A physiological constraint leading to insensitivity to variations in cysteine levels thus constitutes an explanation for the evolution of honesty in the house sparrow signaling system that is alternative to the handicap costs that have been suggested (but not found) for this system (González et al., 1999; Buchanan et al., 2003; Laucht et al., 2011; Laucht and Dale, 2012). Indeed, we did not find greater costs in terms of cellular oxidative stress in low-quality males (Galván et al., 2015). The handicap principle also has an intrinsic undiscussed assumption, i.e. animals have the ability to (consciously) decide whether to express a large signal as costs only appear after signals have begun to be produced (Zollman et al., 2013; Dessalles, 2014), and the cysteine–pheomelanin mechanism may also explain the honesty of the bib size of house sparrows without the need to make this assumption. Furthermore, different genes controlling the transport of cysteine into and out of melanocytes to influence pheomelanogenesis are known, so the cysteine–pheomelanin mechanism also provides a hypothetical specific genetic basis for the evolution of honesty (Galván et al., 2014), thus overcoming the lack of a testable background in current definitions of individual quality (see above).

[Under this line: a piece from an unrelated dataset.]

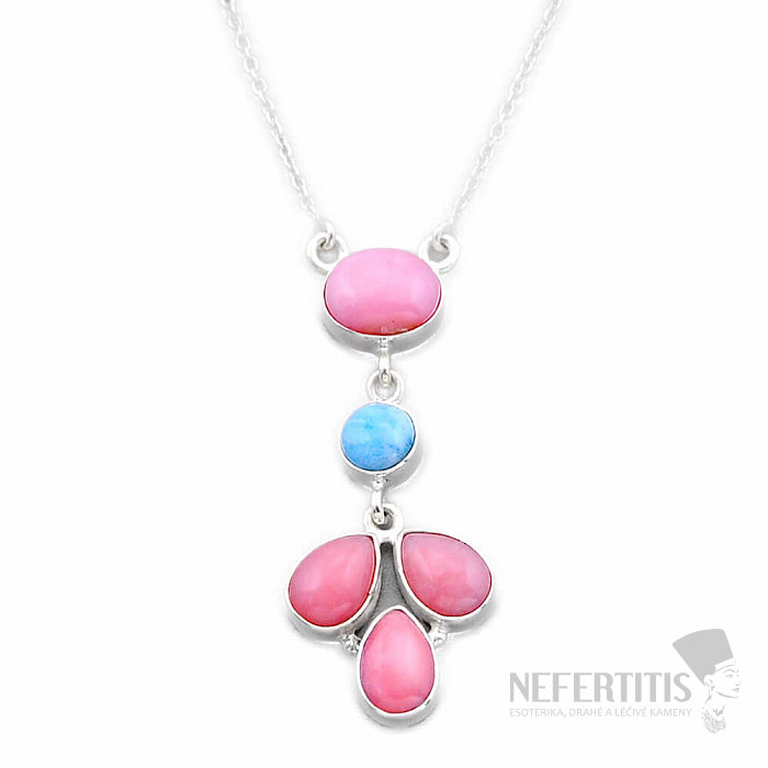 Zarte Silberkette mit rosa Opalen und Larimar. Ag 925. Rosa Opal ist ein Talisman der Liebe. Seine zarte rosa Farbe verleiht dem Schmuckstück seine Persönlichkeit. Sie kaufen das abgebildete Schmuckstück.
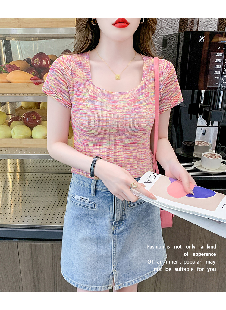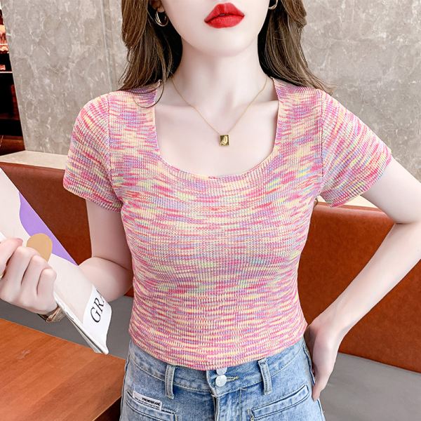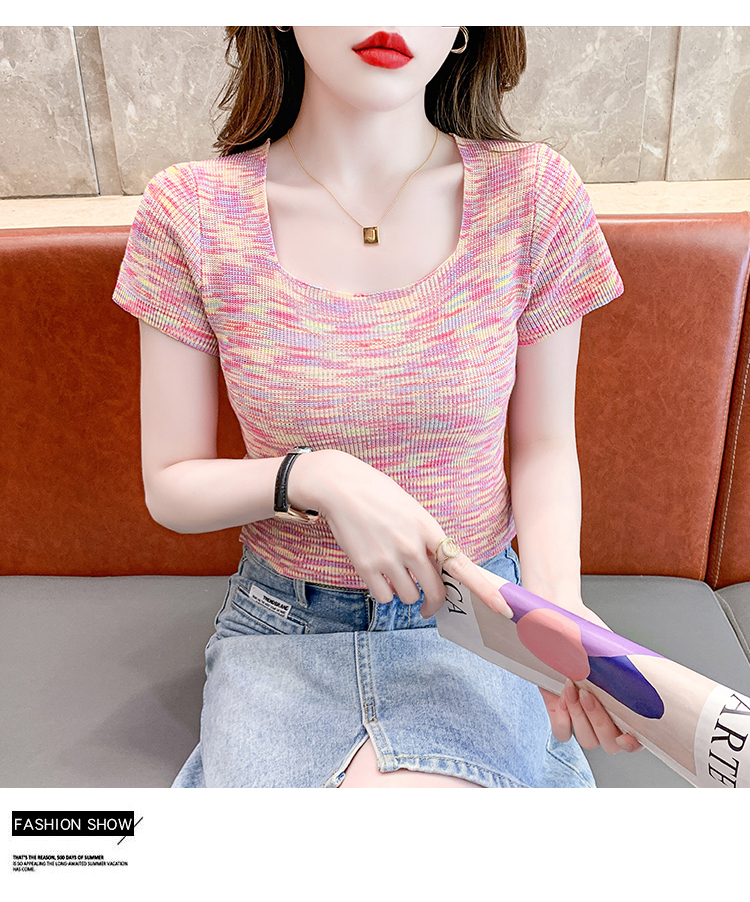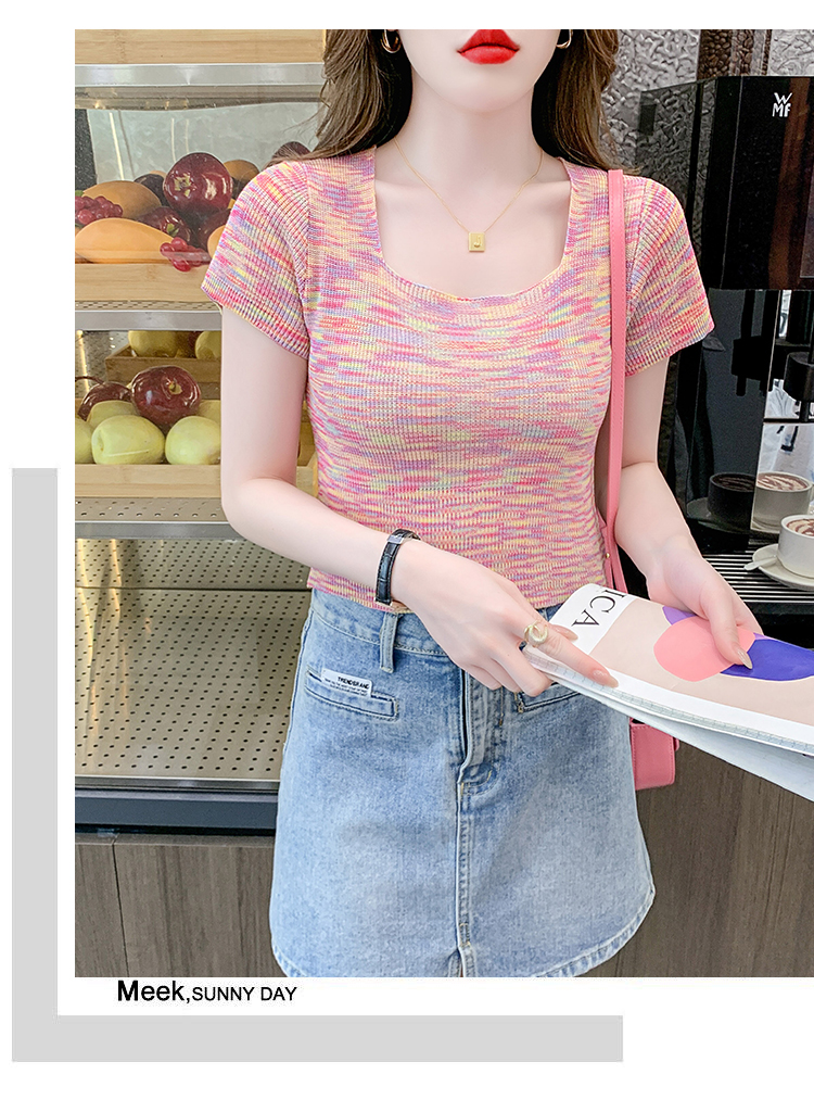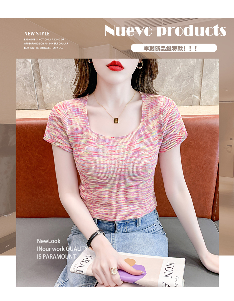 RM18434#夏季新款设计感方领修身撞色上衣彩虹色短袖针织衫女

Our aim here was to further test the cysteine–pheomelanin mechanism of honesty in male house sparrows. To obtain empirical evidence that allows us to fully demonstrate the existence of a mechanism uncoupling cysteine and pheomelanin levels in low-quality birds that explains the honesty of the bib size, it is necessary to demonstrate that the impossibility of inducing the development of bibs of a size inconsistent with their quality in low-quality males also exists when cysteine availability is high; that is, when the physiological conditions created are opposite to those following the previous experimental manipulation (i.e. Galván et al., 2015). We therefore induced the development of new bibs in male house sparrows during a period in which some birds were treated with dietary cysteine whereas others served as controls. As cysteine enhances pheomelanogenesis and bib size is negatively affected by pheomelanin levels (Galván et al., 2014), treatment with cysteine should induce the development of small bibs compared with those of controls, thus producing a deterioration of the phenotype. If the proposed mechanism uncoupling cysteine and pheomelanin levels has evolved in low-quality birds, these predictions should be fulfilled in high-quality birds only.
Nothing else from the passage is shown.